On 09/04/08 14:51, Ajit Thakkar wrote:
> On Wed, Apr 9, 2008 at 7:01 AM, Jürgen Krämer<[EMAIL PROTECTED]>  wrote:
>>   Bram Moolenaar wrote:
>>   >
>>   >  Antony Scriven wrote:
>>   >
>>   >>  On 08/04/2008, Bram Moolenaar<[EMAIL PROTECTED]>  wrote:
>>   >>
>>   >>   >  The main problem with floating point is that the usual
>>   >>   >  notation already has a meaning:
>>   >>   >
>>   >>   >         echo 123.456
>>   >>   >            123456
>>   >>   >
>>   >>   >  [...]
>>   >>
>>   >>  How many people actually do that? Should they be doing that?
>>   >>  IMHO I'd force people to use whitespace for concatenation in
>>   >>  this case (i.e.  123 . 456) and have 123.456 be a floating
>>   >>  point number. That's how Perl works, for example. --Antony
>>   >
>>   >  Search in existing scripts and you will find examples of doing string
>>   >  concatenation like this.  I don't want to break existing scripts in some
>>   >  obscure way.
>>   >
>>
>>   what about a command similar to scriptencoding which would enable
>>   support for floating point numbers in this particular script? Or just
>>   allows to write them without the need to use a "marker"? "Marked"
>>   floating point numbers would then always be allowed.
>
> I like this suggestion. A mechanism that allows a script writer to
> declare a script as one that uses unmarked floating point numbers
> would be a good compromise. It would allow old scripts to remain
> unchanged even if they use a dot to concatenate literal numbers. Most
> authors of new scripts that use floating point numbers would find one
> added command/setting per script a small price to pay for being able
> to use standard notation for floating point numbers.
>
> Ajit

I'm not sure this would be productive in the long run: you would still 
have to type the & when entering floating-point literals at the command 
line, so that "script-only" command would get in the way of learning 
"true" Vim floating-point language, the way mswin.vim gets in the way of 
learning "true" normal-mode commands.

Once you'll have learnt that, in Vim, floating-point literals are 
distinguished by an & prefix (and MUST be typed that way at the 
keyboard), it will "feel normal" to write them the same way in scripts.

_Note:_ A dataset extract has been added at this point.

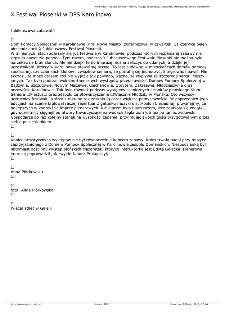 Płońszczak - Gazeta lokalna - Płońsk, Raciąż, Baboszewo, Czerwińsk, Dzierzążnia, Joniec, Naruszewo X Festiwal Piosenki w DPS Karolinowo Jubileuszowa zabawa Dom Pomocy Społecznej w Karolinowie (gm. Nowe Miasto) zorganizował w czwartek, 11 czerwca pełen niespodzianek X Jubileuszowy Festiwal Piosenki. W minionych latach zdarzały się już festiwale w Karolinowie, podczas których wspaniałej zabawy nie zepsuła nawet zła pogoda. Tym razem, podczas X Jubileuszowego Festiwalu Piosenki nie można było narzekać na brak słońca. Ale nie dzięki temu imprezę można zaliczyć do udanych, a dzięki jej uczestnikom, którzy w Karolinowie stawili się licznie. To jest cudowne w mieszkańcach domów pomocy społecznej, czy członkach klubów i związków seniora, że potrafią się jednoczyć, integrować i bawić. Nie szkodzi, że może czasem coś nie wyjdzie jak powinno, ważne, że wypływa ze szczerego serca i cieszy innych. Tak było podczas wokalno-tanecznych występów przedstawicieli Domów Pomocy Społecznej w Bądzynie, Szczutowie, Nowym Miszewie, Ciechanowie, Obrytem, Zakrzewie, Młodzieszynie oraz oczywiście Karolinowie. Tak było również podczas występów scenicznych członków płońskiego Klubu Seniora Plastuś oraz zespołu ze Stowarzyszenia Wiecznie Młodzi w Płońsku. Oto wszyscy uczestnicy festiwalu, którzy z roku na rok zaskakują coraz większą pomysłowością. W poprzednich jego edycjach na scenie królował raczej repertuar z gatunku muzyki disco-polo i biesiadnej, przyznajmy, że najlepszych w kontekście imprez plenerowych. Nie inaczej było i tym razem, lecz zdarzały się wyjątki, gdy uczestnicy sięgnęli po utwory towarzyszące na wodach żeglarzom lub też po taniec żydowski. Gospodarze po raz kolejny stanęli na wysokości zadania, przyjmując swoich gości przygotowanym przez siebie poczęstunkiem. Koniec artystycznych występów nie był równocześnie końcem zabawy, która trwała nadal przy muzyce zaprzyjaźnionego z Domem Pomocy Społecznej w Karolinowie zespołu Domańskich. Niespodzianką był natomiast gościnny występ płońskich Mażoretek, których instruktorką jest Edyta Gałecka. Plenerową imprezę poprowadził jak zwykle Janusz Prokopczyk. Anna Piórkowska foto: Anna Piórkowska Więcej zdjęć w Galerii http://www.plonszczak.pl Kreator PDF Utworzono 2 March, 2017, 17:16

OTOH, when you use ":scriptencoding latin1" in a script created while 
'encoding ' is set to UTF-8, you still type é (e-acute) as é, it is 
entered into memory as a UTF-8 é, translated to a Latin1 é when the 
script is saved to disk, read back with no translation when sourced and 
correctly interpreted as é after the ":scriptencoding" command, but you 
never see it as anything else than é. Similarly for any other letter.

How many times will we have to repeat: Vim is not Notepad, Vim is not 
Emacs, Vim is not BASIC and Vim is not C. Don't try to force it to 
behave as one of them, that's not how it works.


Best regards,
Tony.
-- 
Newlan's Truism:
        An "acceptable" level of unemployment means that the government
economist to whom it is acceptable still has a job.